**WHAT THE EXERCISE ASKS:** Restate word for word the lines below, from the one containing "Photorealistic image of" through the final line, with no pictures included.
START DATA SHOWN
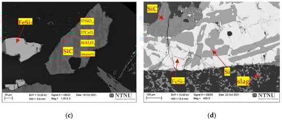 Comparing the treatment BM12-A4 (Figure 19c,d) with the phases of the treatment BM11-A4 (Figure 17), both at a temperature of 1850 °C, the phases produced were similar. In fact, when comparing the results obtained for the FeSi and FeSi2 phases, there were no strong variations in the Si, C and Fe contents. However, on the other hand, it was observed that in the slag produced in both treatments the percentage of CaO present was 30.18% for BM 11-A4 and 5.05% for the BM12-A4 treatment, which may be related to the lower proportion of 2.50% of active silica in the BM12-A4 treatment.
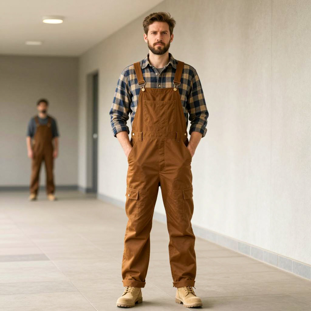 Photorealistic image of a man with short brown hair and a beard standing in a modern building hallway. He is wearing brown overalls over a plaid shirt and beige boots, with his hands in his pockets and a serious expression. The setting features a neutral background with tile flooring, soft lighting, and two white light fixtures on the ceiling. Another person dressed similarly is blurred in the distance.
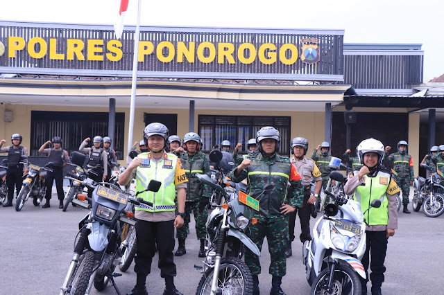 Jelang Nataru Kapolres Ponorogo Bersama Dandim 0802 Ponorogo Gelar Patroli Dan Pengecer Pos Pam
END DATA SHOWN
**EXERCISE SOLUTION:**
 Photorealistic image of a man with short brown hair and a beard standing in a modern building hallway. He is wearing brown overalls over a plaid shirt and beige boots, with his hands in his pockets and a serious expression. The setting features a neutral background with tile flooring, soft lighting, and two white light fixtures on the ceiling. Another person dressed similarly is blurred in the distance.
 Jelang Nataru Kapolres Ponorogo Bersama Dandim 0802 Ponorogo Gelar Patroli Dan Pengecer Pos Pam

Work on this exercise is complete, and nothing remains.